Solo Farming In The Tower Bölüm 296 - Seni aptal! Bu taraftan!
Plod. Plod.
[Flamie~nim, biri Sejun~nim'in evine doğru gidiyor! Bu bir hırsız!]
Podori, Sejun'un çiftliğine sızan hırsızı rapor ettiğinde,
[Efendinin çiftliğine girmeye nasıl cüret ederler?!]
Flamie çok öfkeliydi.
Ancak,
[Ha?! Hırsızı yakalamayacak mısın?]
[Şimdilik sadece izleyelim.]
Hiçbir şey yapılmadı.
'Bu, Theo onu getirdiğinden beri kötü bir hava yayan Blackie'nin güvenilir olup olmadığını görmek için bir fırsat.'
Flamie Blackie'ye güvenemezdi.
Bu yüzden Flamie, Blackie'nin Sejun'un yanında kalmaya devam edip edemeyeceğini test etmeye karar verdi.
[Blackie, ne yapacaksın?]
Flamie Fenrir'i izledi.
***
Kking... Kking...?!
[Sizi piçler... Ben neyi yanlış yaptım...?!]
Poposuna bir mantar karıncasının anteniyle vurulan Fenrir aşağılanmış bir halde dişlerini sıktı ve Sejun'un evinin önünde çok sessiz bir şekilde oturdu.
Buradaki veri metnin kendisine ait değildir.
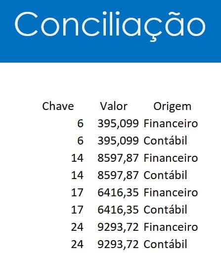 Origem ou Financeiro, no nosso caso, cada lista terá que ter o nome da origem para podermos comparar na lista de conciliação.

Çünkü etrafta dikkatsizce dolaşırsa, mantar karıncalarından yine dayak yiyebilirdi.
Ama sonra,
Kking! Kking!
[Ben Fenrir, tanrı yiyen kurt, Yıkım Havarileri arasında birinci sıradayım! Hodri meydan!]
Fenrir kendine olan güvenini çabucak geri kazandı ve
Thud! Thud!
çiftliği yeniden güçlü adımlarla keşfetmeye başladı.
Fenrir çiftlik arazisinde gayretle dolaşırken,
Plod. Plod.
Bir şey temkinli adımlarla yaklaştı.
Görünmüyordu ama yakın hissediliyordu.
Kking?! Kking!
[Bölgeme korkusuzca girmeye nasıl cüret edersin?! Geri çekil!]
Fenrir davetsiz misafirin geldiği yöne doğru yüksek sesle havladı.
Birdenbire, hırsız kendini yoktan var etti.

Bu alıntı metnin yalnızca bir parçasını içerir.